At least 85 people have died after a gunman fired on a Norwegian Labour party youth camp. The attack happened hours after a bomb killed seven in the government district in the capital Oslo.

A wounded woman is brought ashore opposite Utoya island in Norway after being rescued from a gunman who went on a killing rampage (Getty)

Witnesses say the gunman moved across the small, wooded Utoya holiday island firing at random as young people scattered in fear, some hiding behind rocks while others swam for their lives.

Police later identified the attacker as a 32-year-old Norwegian who they linked with the bombing in Oslo earlier on Friday, which left seven dead.

Norwegian media have named suspect Anders Behring Breivik. He has been charged over both attacks.

A 16-year-old, Hana, who survived the shootings, told Norway's Aftenposten: "We had all gathered in the main house to talk about what had happened in Oslo. Suddenly we heard shots. First we thought it was nonsense. Then everyone started running,"

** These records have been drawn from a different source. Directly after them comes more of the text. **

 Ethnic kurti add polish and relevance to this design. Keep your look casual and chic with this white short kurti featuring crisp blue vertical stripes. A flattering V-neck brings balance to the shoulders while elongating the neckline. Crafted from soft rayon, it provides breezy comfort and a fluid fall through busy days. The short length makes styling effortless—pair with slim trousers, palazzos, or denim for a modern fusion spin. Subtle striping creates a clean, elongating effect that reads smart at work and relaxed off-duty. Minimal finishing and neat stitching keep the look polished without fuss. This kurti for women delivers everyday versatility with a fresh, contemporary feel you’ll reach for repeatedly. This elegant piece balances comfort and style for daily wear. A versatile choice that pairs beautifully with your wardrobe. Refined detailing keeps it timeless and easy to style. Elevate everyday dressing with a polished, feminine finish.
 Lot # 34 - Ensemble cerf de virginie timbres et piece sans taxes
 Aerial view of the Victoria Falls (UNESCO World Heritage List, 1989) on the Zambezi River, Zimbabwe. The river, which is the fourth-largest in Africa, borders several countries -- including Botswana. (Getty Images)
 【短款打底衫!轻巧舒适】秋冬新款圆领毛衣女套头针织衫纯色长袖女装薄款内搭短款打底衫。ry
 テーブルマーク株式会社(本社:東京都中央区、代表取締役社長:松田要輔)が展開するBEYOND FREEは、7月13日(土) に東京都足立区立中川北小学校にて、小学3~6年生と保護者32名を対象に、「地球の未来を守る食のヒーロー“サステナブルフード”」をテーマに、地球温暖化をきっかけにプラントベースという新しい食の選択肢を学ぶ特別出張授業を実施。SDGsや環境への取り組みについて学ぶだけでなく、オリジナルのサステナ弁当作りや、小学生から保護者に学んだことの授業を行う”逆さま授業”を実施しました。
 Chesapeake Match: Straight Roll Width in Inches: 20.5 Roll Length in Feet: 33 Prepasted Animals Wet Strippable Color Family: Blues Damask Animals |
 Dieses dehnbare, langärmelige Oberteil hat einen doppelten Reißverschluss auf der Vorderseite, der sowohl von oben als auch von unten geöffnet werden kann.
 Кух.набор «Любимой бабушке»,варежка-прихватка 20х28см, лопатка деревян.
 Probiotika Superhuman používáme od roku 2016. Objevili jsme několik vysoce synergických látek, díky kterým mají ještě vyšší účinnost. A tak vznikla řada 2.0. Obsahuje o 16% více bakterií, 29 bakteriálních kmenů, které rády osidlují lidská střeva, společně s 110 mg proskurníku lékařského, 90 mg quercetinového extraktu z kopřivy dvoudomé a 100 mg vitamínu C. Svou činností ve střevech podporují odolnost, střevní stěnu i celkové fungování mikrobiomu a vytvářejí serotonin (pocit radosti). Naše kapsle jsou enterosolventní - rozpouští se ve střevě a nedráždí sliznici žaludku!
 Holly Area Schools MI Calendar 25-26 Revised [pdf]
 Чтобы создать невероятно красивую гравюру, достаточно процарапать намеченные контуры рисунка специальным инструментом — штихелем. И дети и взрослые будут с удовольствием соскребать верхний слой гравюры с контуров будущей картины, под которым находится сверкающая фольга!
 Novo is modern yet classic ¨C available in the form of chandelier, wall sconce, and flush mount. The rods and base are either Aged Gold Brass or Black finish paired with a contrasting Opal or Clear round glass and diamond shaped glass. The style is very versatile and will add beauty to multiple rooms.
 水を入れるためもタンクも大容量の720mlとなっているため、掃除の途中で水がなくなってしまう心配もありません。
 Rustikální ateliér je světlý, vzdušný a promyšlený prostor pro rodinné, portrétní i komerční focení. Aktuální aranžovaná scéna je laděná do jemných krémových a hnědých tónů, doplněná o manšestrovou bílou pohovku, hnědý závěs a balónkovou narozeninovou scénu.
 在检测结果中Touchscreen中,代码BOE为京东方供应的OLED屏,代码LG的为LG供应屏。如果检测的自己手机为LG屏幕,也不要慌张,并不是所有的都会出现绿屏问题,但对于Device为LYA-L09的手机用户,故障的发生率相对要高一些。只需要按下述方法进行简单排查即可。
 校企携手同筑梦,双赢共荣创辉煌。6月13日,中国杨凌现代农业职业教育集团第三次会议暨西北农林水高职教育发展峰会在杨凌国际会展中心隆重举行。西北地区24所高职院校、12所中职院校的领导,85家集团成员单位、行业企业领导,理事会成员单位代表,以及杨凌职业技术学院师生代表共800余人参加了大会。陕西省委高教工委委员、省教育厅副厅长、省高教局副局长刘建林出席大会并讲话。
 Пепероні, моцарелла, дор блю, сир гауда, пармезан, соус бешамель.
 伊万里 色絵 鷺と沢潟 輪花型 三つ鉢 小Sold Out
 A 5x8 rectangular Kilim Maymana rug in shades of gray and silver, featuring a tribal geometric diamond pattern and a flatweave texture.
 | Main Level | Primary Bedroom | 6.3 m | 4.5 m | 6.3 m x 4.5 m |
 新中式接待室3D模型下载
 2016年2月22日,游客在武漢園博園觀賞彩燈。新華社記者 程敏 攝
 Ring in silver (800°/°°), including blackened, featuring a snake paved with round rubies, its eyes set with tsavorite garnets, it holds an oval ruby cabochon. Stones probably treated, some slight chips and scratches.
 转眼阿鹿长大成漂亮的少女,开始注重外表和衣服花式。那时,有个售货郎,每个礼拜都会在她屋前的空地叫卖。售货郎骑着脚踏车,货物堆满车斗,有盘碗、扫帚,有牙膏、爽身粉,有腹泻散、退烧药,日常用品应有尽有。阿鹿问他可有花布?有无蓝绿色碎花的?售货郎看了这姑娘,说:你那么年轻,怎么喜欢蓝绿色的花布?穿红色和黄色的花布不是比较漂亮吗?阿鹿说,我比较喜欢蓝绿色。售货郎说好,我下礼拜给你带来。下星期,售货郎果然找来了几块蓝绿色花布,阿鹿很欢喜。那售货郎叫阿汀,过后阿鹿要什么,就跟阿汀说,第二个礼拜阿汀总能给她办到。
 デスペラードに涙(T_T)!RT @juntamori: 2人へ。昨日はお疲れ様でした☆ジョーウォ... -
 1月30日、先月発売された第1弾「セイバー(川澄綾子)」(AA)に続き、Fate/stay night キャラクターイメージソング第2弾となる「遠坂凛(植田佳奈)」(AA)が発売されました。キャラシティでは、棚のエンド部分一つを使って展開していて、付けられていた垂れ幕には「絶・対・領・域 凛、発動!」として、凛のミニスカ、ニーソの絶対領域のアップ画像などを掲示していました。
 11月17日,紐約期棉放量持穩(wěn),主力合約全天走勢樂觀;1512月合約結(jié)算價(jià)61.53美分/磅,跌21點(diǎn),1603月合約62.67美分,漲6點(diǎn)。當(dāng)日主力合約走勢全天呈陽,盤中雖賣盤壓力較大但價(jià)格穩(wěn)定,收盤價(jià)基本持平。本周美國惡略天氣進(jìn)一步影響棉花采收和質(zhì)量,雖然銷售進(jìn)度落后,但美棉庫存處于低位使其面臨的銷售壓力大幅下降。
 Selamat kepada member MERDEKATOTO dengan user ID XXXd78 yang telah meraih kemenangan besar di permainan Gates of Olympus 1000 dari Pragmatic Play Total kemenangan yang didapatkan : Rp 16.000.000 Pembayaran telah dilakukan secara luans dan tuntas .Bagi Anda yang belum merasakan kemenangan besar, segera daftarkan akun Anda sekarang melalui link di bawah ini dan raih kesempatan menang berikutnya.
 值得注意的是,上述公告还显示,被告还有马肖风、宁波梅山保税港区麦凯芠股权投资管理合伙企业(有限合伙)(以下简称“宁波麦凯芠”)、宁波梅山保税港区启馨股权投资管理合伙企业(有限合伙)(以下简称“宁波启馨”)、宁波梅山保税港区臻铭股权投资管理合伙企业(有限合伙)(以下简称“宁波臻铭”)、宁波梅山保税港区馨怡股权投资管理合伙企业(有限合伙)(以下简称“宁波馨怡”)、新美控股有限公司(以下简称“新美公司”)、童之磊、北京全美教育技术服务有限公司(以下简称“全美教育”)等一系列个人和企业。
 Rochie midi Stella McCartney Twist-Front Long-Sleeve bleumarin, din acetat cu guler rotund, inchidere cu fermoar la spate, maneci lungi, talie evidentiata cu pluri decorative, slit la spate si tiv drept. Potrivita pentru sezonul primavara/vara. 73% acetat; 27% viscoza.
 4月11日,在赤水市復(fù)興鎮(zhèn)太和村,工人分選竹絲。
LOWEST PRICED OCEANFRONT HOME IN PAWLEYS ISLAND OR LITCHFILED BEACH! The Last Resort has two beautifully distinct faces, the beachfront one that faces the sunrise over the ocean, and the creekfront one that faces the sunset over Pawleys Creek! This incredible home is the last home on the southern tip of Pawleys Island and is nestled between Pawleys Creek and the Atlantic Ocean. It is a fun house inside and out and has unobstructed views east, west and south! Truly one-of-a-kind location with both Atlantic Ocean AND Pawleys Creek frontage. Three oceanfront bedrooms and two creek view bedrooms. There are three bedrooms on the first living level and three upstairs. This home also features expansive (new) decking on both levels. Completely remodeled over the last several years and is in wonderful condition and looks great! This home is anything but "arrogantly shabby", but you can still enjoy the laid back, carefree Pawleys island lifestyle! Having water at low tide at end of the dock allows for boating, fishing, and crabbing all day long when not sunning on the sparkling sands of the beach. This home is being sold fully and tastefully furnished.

"I saw a policeman stand there with earplugs. He said 'I'd like to gather everyone'. Then he ran in and started shooting at people. We ran down towards the beach and began to swim."

Hana said the gunman fired at people in the water. Another newspaper reported that a man dressed as a policeman was seen shooting "wildly".

In a blog that has been translated into English, one survivor is quoted describing how she swam for her life as the gunman fired into the water.

Twenty-three-year-old Khamshajiny Gunaratnam is a youth politician in the Norwegian Labour Party.

She said: "I swam. Then some boats came to save us. One boat threw us lifejackets and then had to drive on. The next boat came and grabbed us. Even when we had made it into the boat, I couldn't relax.

"There wasn't a 'yes, we're saved!' feeling. He [the gunman] could still hit us..."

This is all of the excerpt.